Glen is negotiating his new life while dealing with the pain of its previous chapter vividly as the ghost of Christine appears to him in milestone moments. He’s also dealing with changes to his family, developments that enable the drama to continue its multi-generational focus on love and pain and the whole damn thing.
The new season, directed by Bonnie Moir, taking over from first-season director Emma Freeman, picks up nine months after the first and continues the exploration of themes that have been central from the outset: questions of family ties and duties; of happiness and fulfillment in relationships; of how the past shadows and complicates the present.
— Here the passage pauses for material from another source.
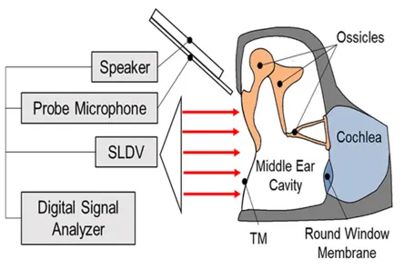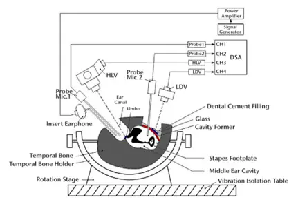The Hough Ear Institute is one of the first institutes to use Polytec laser Doppler vibrometer (LDV) for research in human ears or temporal bones. I led the research team at the institute to setup the experiment with LDV in human temporal bones to test the DDHS by measuring vibrations of the eardrum or tympanic membrane and middle ear ossicles (e.g., stapes footplate). The hearing device is designed to increase stapes footplate movement using coupled electromagnetic drive was characterized. Laser vibrometry has played a critical role for completing the measurements on DDHS function.

Alongside the passionate union of sixty-somethings Glen and Anita, which attracted considerable coverage for its lusty portrayal of middle-aged sex, Clara and Peter (Bob Morley) also embarked on their rocky affair. They negotiated some bumps to do with her fear of vulnerability and his regrets about his strained relationship with his son, eventually deciding to persevere with their union. Meanwhile, Aaron’s fling with Ella (Shalom Brune-Franklin) ended and she subsequently discovered that she was pregnant. So for all the Mathiesons, life is complicated.
“Babies are a major theme,” says Weaving of the new season. “Near the start of the first season, there’s Christine’s death, which plunges everyone into grief and also unexpectedly propels Glen into love. In season two, Ella’s pregnant and we have a birth rather than a death, so there’s a wonderful sense of joy for Glen.”
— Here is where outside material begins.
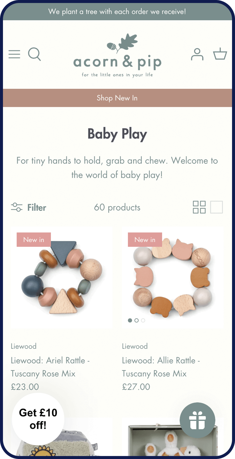 With an existing site on the WordPress platform, Acorn & Pip required a full store migration to Shopify, including revamped design and improved customer experience. We set up the store using creative graphics and custom templates but all with native tools and features to make store management a breeze.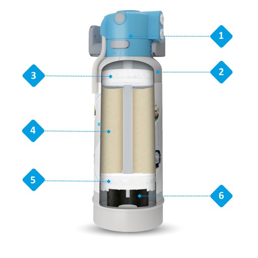 - Zawartość opakowania: 1x bateria jednodrożna, 1x wkład filtrujący D-1, 1x głowica wkładu filtrującego wodę, 1x elektroniczny wskaźnik LED wymiany wkładu filtrującego, 1x uchwyt do montażu filtra wody na ścianie, 1x trójnik z zaworem, 1x elastyczny wężyk (200 cm), 1x adapter, 1x pasek do badania twardości wody

Like Glen, Peter is dealing with unanticipated upheavals. He and Clara have decided to have a baby, a choice that has unsettling repercussions for a man who’s already the father of a troubled teenager. “We got to know a bit about Peter in the first season and he was quite emotionally evolved,” says Morley. “He’d lived a life that was a bit hedonistic and he’d come back to Melbourne to settle and focus on things that were important to him, like being a father to his son, Max (John Augustine Sharp).
“The title Love Me sends you down the pathway of love, but I feel like this is a show about vulnerability and grappling with grief and the broad range of what love can be. It’s not necessarily grand gestures: it’s being open and vulnerable, or being diligent and being present. Peter was seemingly a thoughtful and emotionally intelligent man, but he has things that he’s still grappling with. He’s willing to go down the path of fatherhood again, although he wasn’t so great the first time around, and that triggers certain aspects of himself that he may not necessarily like.”
As the Mathiesons sometimes-clumsily make their ways in a changing world, Weaving notes that the new season sees the drama’s central pairs opening out into triangles: “There are some wonderful new characters who throw spokes in the wheels”. One of them is the mystery man at Glen and Anita’s wedding (Kim Gyngell) whose significance is gradually revealed. Another is Max’s mother (Eryn Jean Norvill). Unease and uncertainty continue to buffet the family as they endeavour to follow their hearts and navigate volatile elements in their lives.
“To me, Love Me started off as a show about vulnerability and grief,” says Morley. “But it’s really about the joys of love as well as the terror of it.”
Love Me (season 2) is on Binge from Thursday, April 6.